> WHAT THE TASK REQUIRES
Without including any pictures, retype exactly the lines from the top of the records through the line containing "今日の夜から始まる廻沢神社の", that final line included.

> Records from a data source

[Start of Attachment]

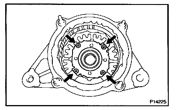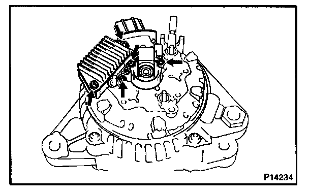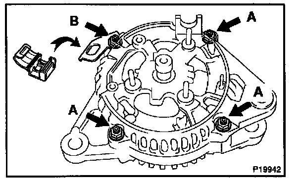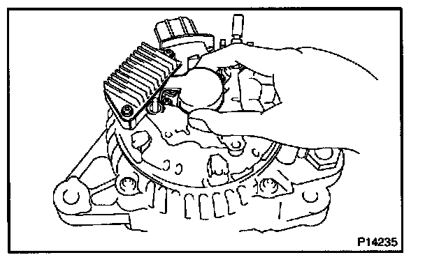 b. Remove the 5 screws, brush holder and voltage regulator.
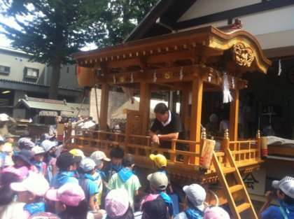 今日の夜から始まる廻沢神社のお祭りの準備を見学に行きました。神社ができた由来や一年間の祭りを教えていただいたり、大きな太鼓や山車を見たりしました。町のお祭りを町の人たちも子供たちも楽しみにしている様子が伝わってきました。
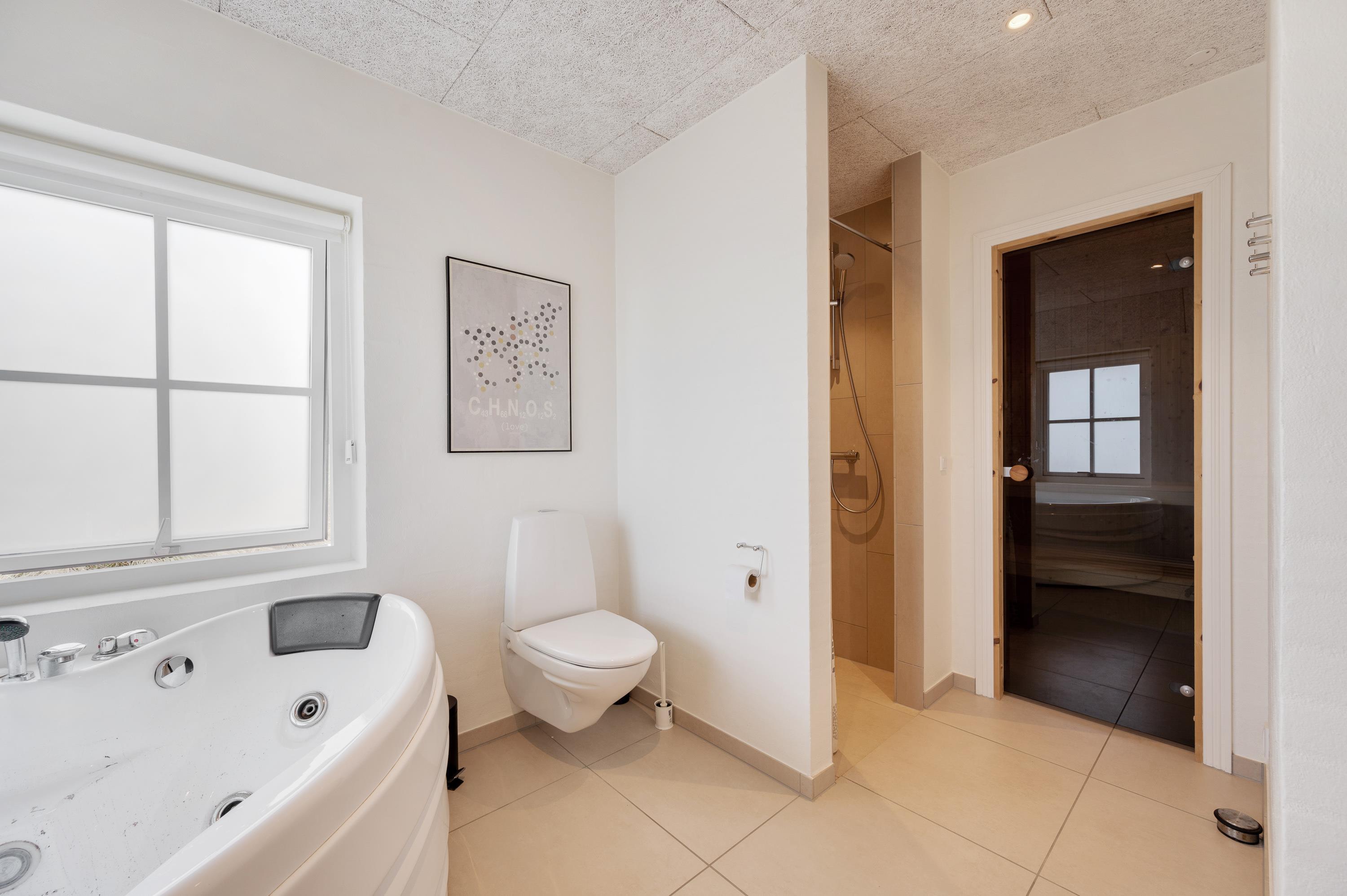Jeres ferieafslapning kan forsætte på det største af husets badeværelser, hvor I kan se frem til både spabad og sauna. Efter en lang gåtur ved vandet vil en tur i både spaen og saunaen med garanti være en skøn forkælelse. Herudover er der et mindre gæstetoilet, der fremstår pænt og lyst og både har gulvvarme og bruseniche.
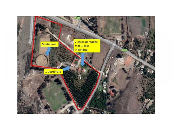 Los 35.000 m2. se componen de 8 parcelas con sus roles individuales, y están rodeados por pandereta de cierro vibrado tipo bulldog., y se componen de ocho terrenos, cada uno con rol propio (nums.5,6,7,8,9,10,11 y 12 del plano de división). Dos de éstos (5 y 11) sufrieron una reducción por expropiación vial de unos metros, para ensanchar el camino y el puente. Existen 2.000 m2. plantados con paltos Hass en producción, la cual es en promedio 35.000 a 40.000 kg./año (aprox. 50 a 60 M$/año de ganancia neta). Los 1.690 paltos cuentan con riego tecnificado por goteo programado, mediante un sistema de programación y control electrónico. En el resto del predio se ubican 3 casas, dos pareadas de 45 m2. cada una y una de 65 m2., de material liviano. Existen además otros árboles frutales, para consumo casero. Dentro del terreno también se cuenta con una pesebrera en muy buen estado, para caballos y una medialuna.
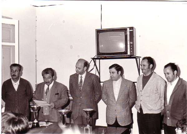 Outra fotografía histórica, entrega do Campeonato de Pesca da Troita en Ribadavia, Sobre 1970, de esquerda a dereita Quico Bouzas o pai de Mª José, agora me entero,(falei moito con el, por eso da pesca, da que salín namorado na miña estancia no instituto), Gerardo Álvarez, o alcalde Victor López Quijada, Jose Luis Casasnovas, Manolo Portela e Jesús Gómez.
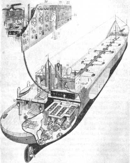 Корабль-робот «Брауншвейг». 1 — люки, через которые теплоход заполняется нефтью или другим жидким грузом; 2 — танки, т. е. баки для нефти; 3 — помещение для команды; 4 — машинное отделение; 5 — дизель мощностью в 750 лошадиных сил; 6 — динамомашина; 7 — один из вспомогательных электродвигателей; 8 — главный электродвигатель, вращающий гребной вал; 9 — муфта сцепления; 10 — рулевая машина; 11 — вспомогательный штурвал на случай аварии главного рулевого управления; 12 — вентиляционная труба; 13 — прожектор; 14 —штурманская рубка; 16 — капитанский мостик; 16 — механик, управляющий всем кораблем, у щита управления; 17 — пусковые рукоятки для дизелей; 18 — вид щита управления с задней стороны; 19 — электроизмерительные приборы (ампер- и вольтметры); 20 — секция управления главными дизелями; 21 и 22 — секция управления вспомогательными машинами; 23 — секция управления помпами; 24 — выключатели.
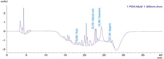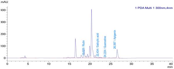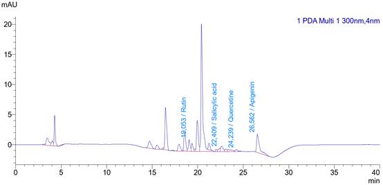 Приготовлен экстракт растения «Calendulae officinalis» (цветки, листья и корень), химический состав экстракта изучен хроматографическим методом. В экстракте обнаружен ряд фенольных соединений, в том числе рутин, салициловая кислота, кверцетин и апигенин, а также биологически активные вещества, такие как витамины: В1, В2, В3, РР, В6, В9, В12 и C. В статье представлен метод высокоэффективной жидкостной хроматографии (ВЭЖХ) для количественного определения фенольных соединений в экстракте растения «Calendulae officinalis» (цветки, листья и корни). По результатам анализа хроматограмм экстрактов установлено, что в стандартных образцах содержатся компоненты рутина, салициловой кислоты, кверцетина и апигенина, соответствующие срокам хранения.
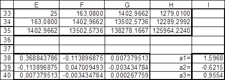 2. Сравнивая результаты, полученные при помощи функции ЛИНЕЙН видим что они полностью совпадают с вычислениями, проведенными выше. Это указывает на то, что вычисления верны.
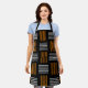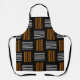 This apron has a mid-century modern design that looks like a weave with orange and white lines on a field of black.
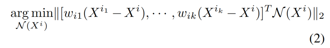 法向量估计。如图2所示,给定一个3D点Xi及网格上其k个邻居Xij,j=1,2,……,k。则法向量N(Xi)可以用下式表示:

[End of Attachment]

> YOUR RESPONSE
 b. Remove the 5 screws, brush holder and voltage regulator.
 今日の夜から始まる廻沢神社のお祭りの準備を見学に行きました。神社ができた由来や一年間の祭りを教えていただいたり、大きな太鼓や山車を見たりしました。町のお祭りを町の人たちも子供たちも楽しみにしている様子が伝わってきました。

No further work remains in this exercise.